## WHAT YOU HAVE TO DO:
Skip the pictures, please, and write out exactly the lines from the opening of the data through the line containing "This text published".

⁂

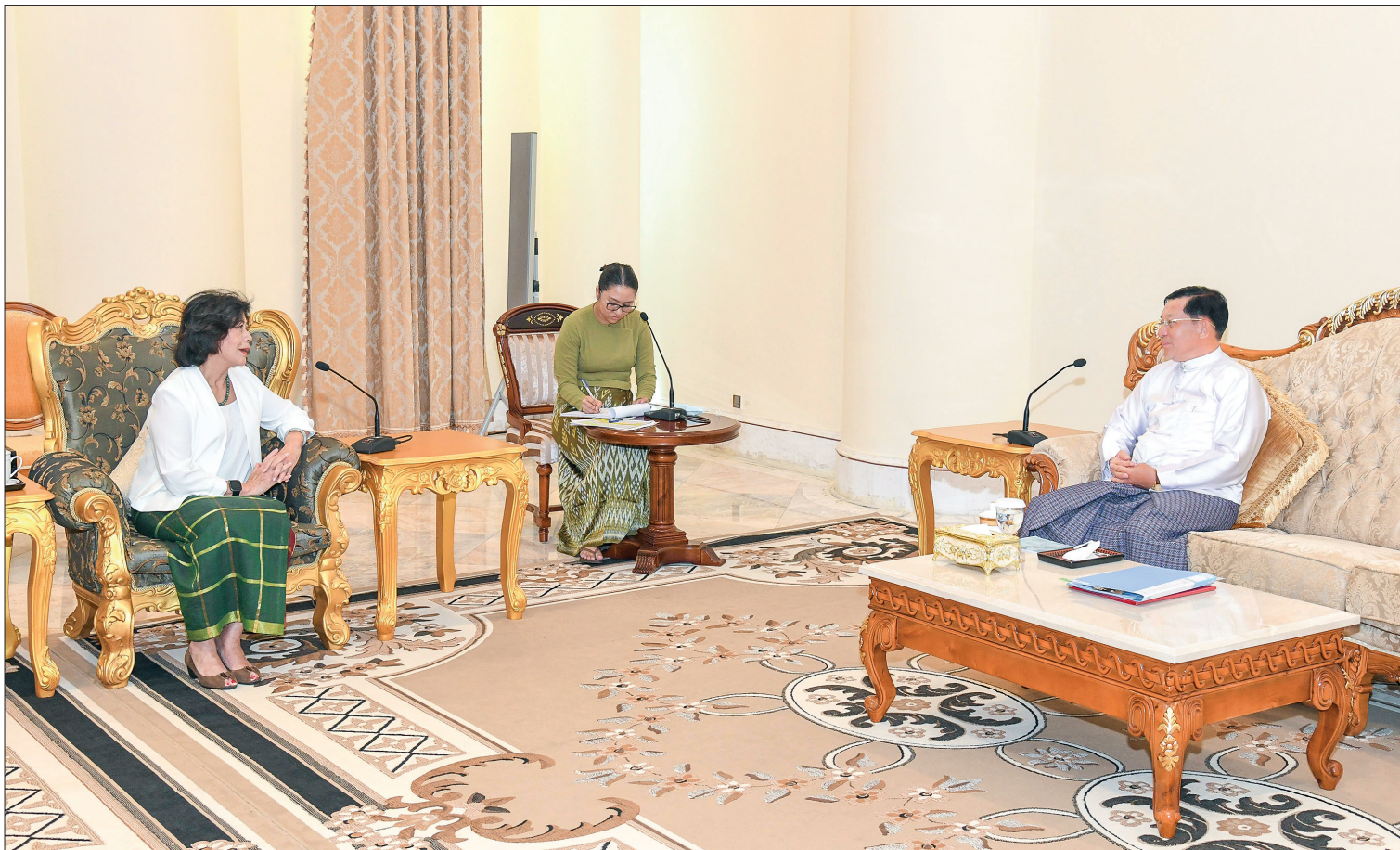
State Administration Council Chairman Prime Minister Senior General Min Aung Hlaing receives Special Envoy of the United Nations Secretary-General on Myanmar Ms Noeleen Heyzer in Nay Pyi Taw on 17 August 2022.

Chairman of the State Administration Council Prime Minister Senior General Min Aung Hlaing received Ms Noeleen Heyzer, Special Envoy of the United Nations Secretary-General on Myanmar, at the parlour of the SAC Chairman's Office in Nay Pyi Taw yesterday afternoon.
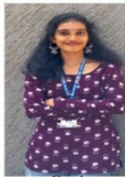
Gouri A-ZONE 3 - Patriotic song
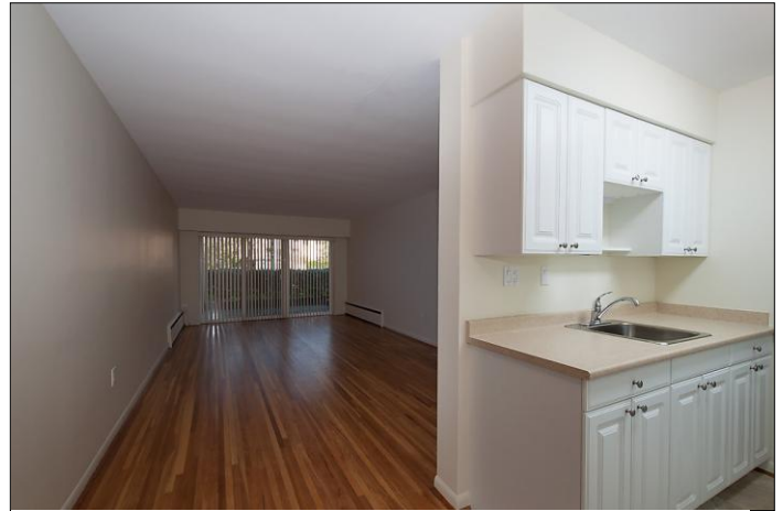
TYPICAL KITCHEN & LIVING ROOM LAYOUT
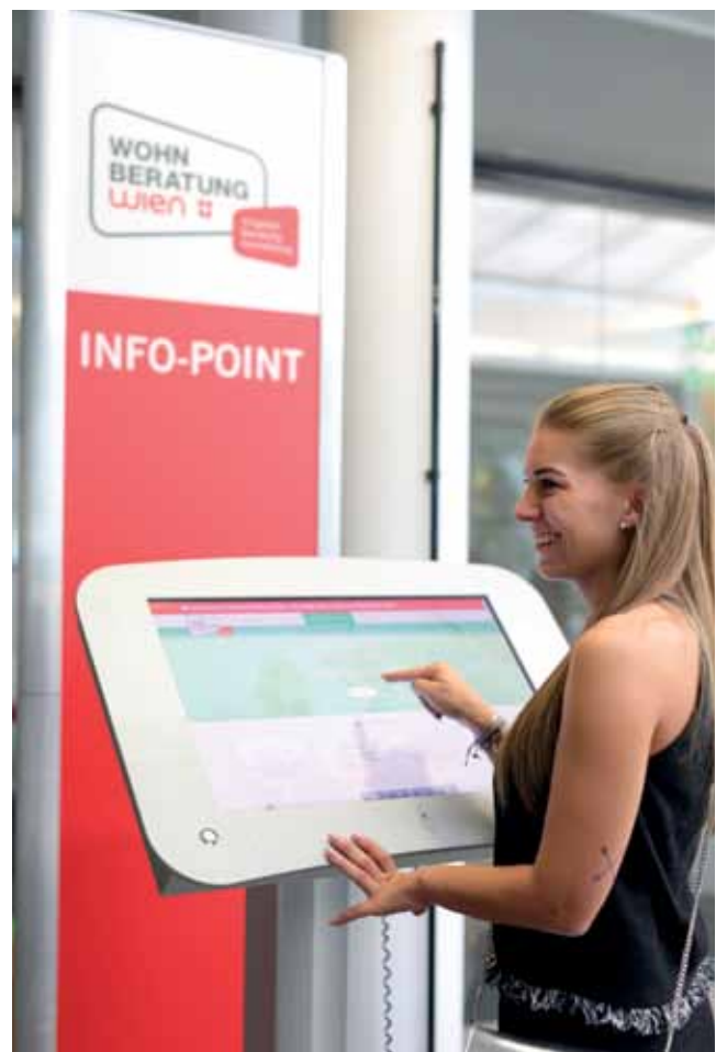
The digital services of Wohnberatung Wien can be accessed on the web or via touch screens at information points.

In 2018, the InfoCenter and MieterHilfe were combined to boost the available technical, material and organisational resources and be better prepared to deal with the growing demand for competent counselling.
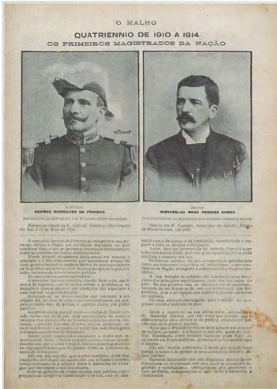
This text published in O Malho magazine of 11.19.1910 presented the manifesto of the Hermes da Fonseca – Wenceslau Brás slate. Collection of the Fundação Biblioteca Nacional – Brazil.

Although this was a turbulent period, the tenure of Wenceslau Brás as vice-president was portrayed by the press in Rio de Janeiro as the most unremarkable in the history of the Republic. He was a frequent target of satirical cartoons that emphasized his provincial spirit and the circumspect nature of the Solitary Man of Itajubá , as he was known. His manners and temperament remained a longstanding matter of discussion among those eager for the dynamism and cosmopolitanism promised by the advent of the Republic, especially in Rio de Janeiro, the cultural capital of Brazil in the belle époque .
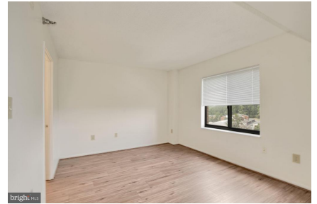
Second bedroom - could be den or office
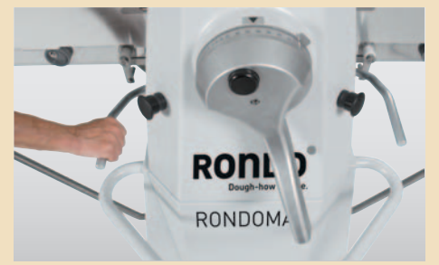
As an option, the Rondomat is available with a reversing lever. This is practical when you stand adjacent to the machine to get a better view of the dough band.
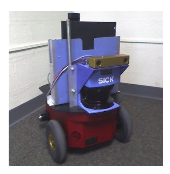
Figure 3: A Pioneer P3-AT on which the planner integration was verified.

ronments using local closed world (LCW) information produced by sensing actions (Etzioni, Golden, and Weld 1997).
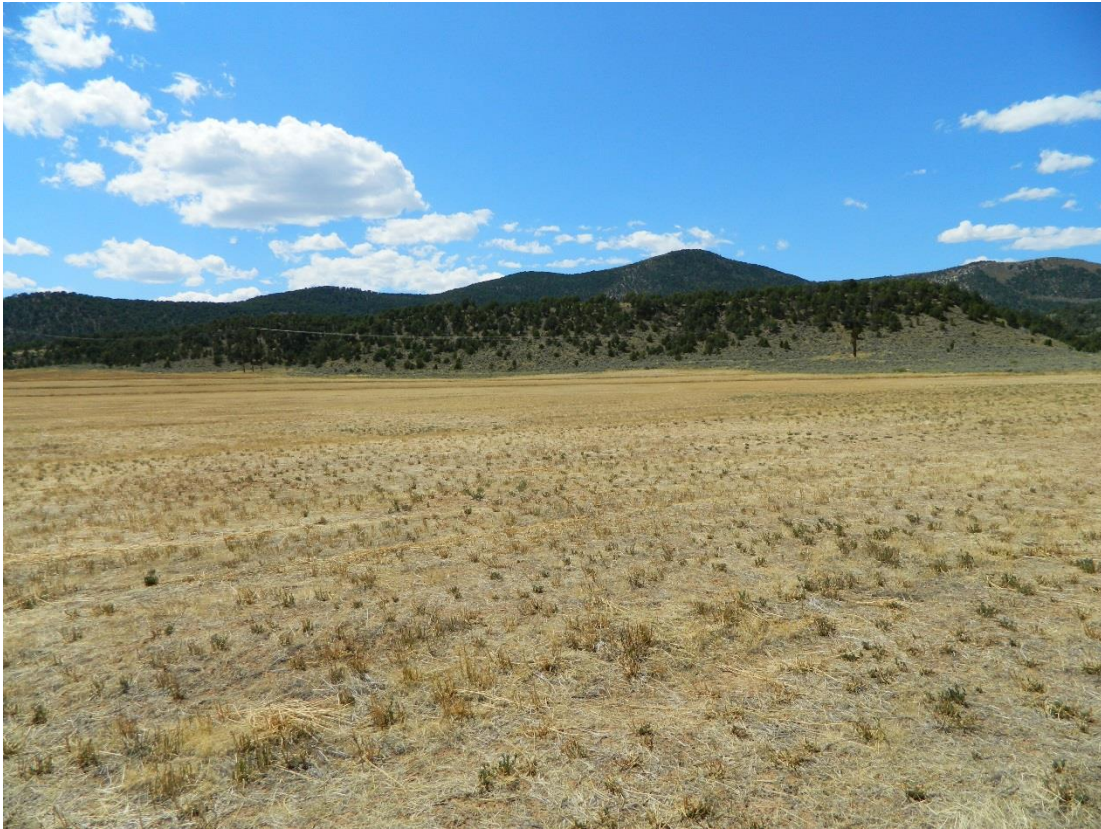
Unmined Phase 2 to be released.
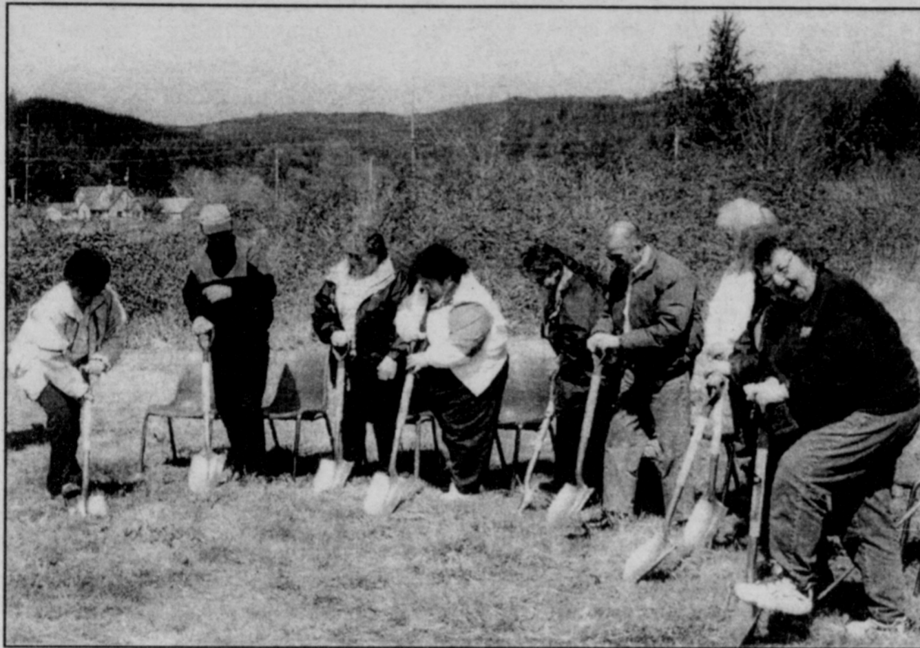
Tribal Council members "dig in" at the child care center site.
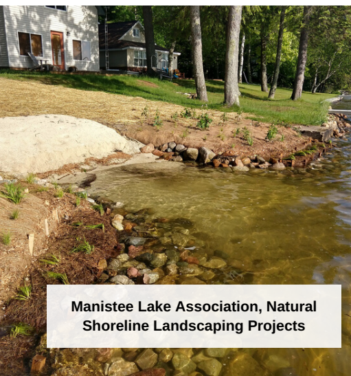
Manistee Lake Association, Natural Shoreline Landscaping Projects
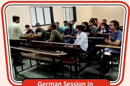
German Session in Mechanical Engineering by Smart German 7 th Sept, 2021
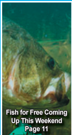
Fish for Free Coming Up This Weekend Page 11
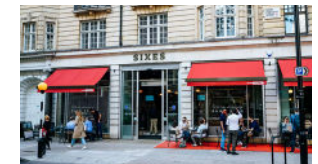
SIXES CRICKET 5,000–7,000 SF

Inspired by the age-old game and all its ceremony, Sixes Cricket Club invites challengers to test their cricket skills against some of the world's greatest players whilst enjoying the very finest of British Gastro Pub inspired food and drinks.
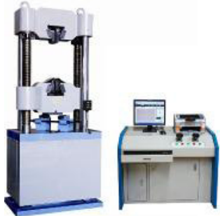
WEW-C Series Computer Display
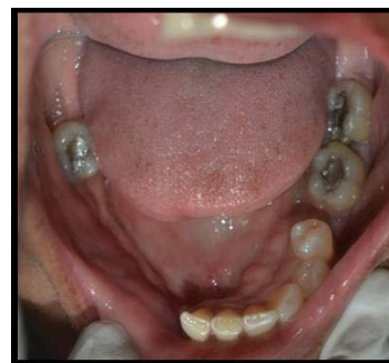
Figure 1: Mandibular dental arch.

After extra and intra-oral examination, the treatment plan was
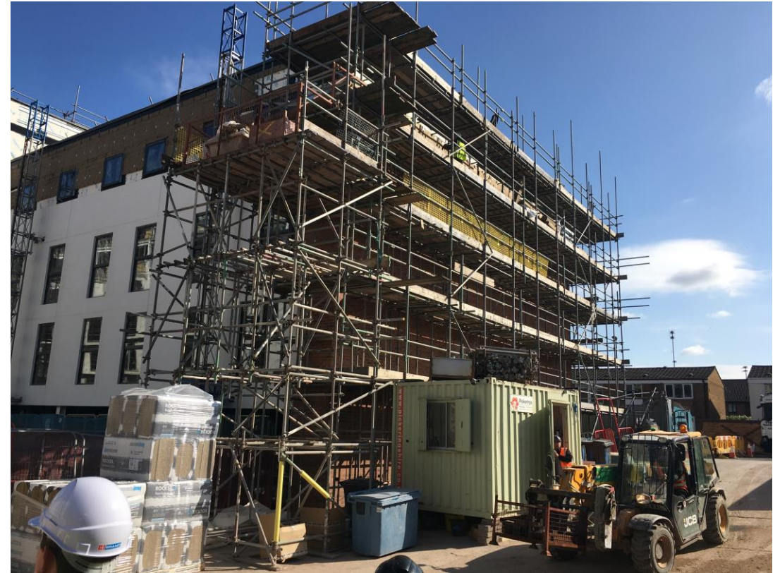
Student wing – Gable wall brickwork

⁂

## TASK ANSWER:
State Administration Council Chairman Prime Minister Senior General Min Aung Hlaing receives Special Envoy of the United Nations Secretary-General on Myanmar Ms Noeleen Heyzer in Nay Pyi Taw on 17 August 2022.

Chairman of the State Administration Council Prime Minister Senior General Min Aung Hlaing received Ms Noeleen Heyzer, Special Envoy of the United Nations Secretary-General on Myanmar, at the parlour of the SAC Chairman's Office in Nay Pyi Taw yesterday afternoon.
Gouri A-ZONE 3 - Patriotic song
TYPICAL KITCHEN & LIVING ROOM LAYOUT
The digital services of Wohnberatung Wien can be accessed on the web or via touch screens at information points.

In 2018, the InfoCenter and MieterHilfe were combined to boost the available technical, material and organisational resources and be better prepared to deal with the growing demand for competent counselling.
This text published in O Malho magazine of 11.19.1910 presented the manifesto of the Hermes da Fonseca – Wenceslau Brás slate. Collection of the Fundação Biblioteca Nacional – Brazil.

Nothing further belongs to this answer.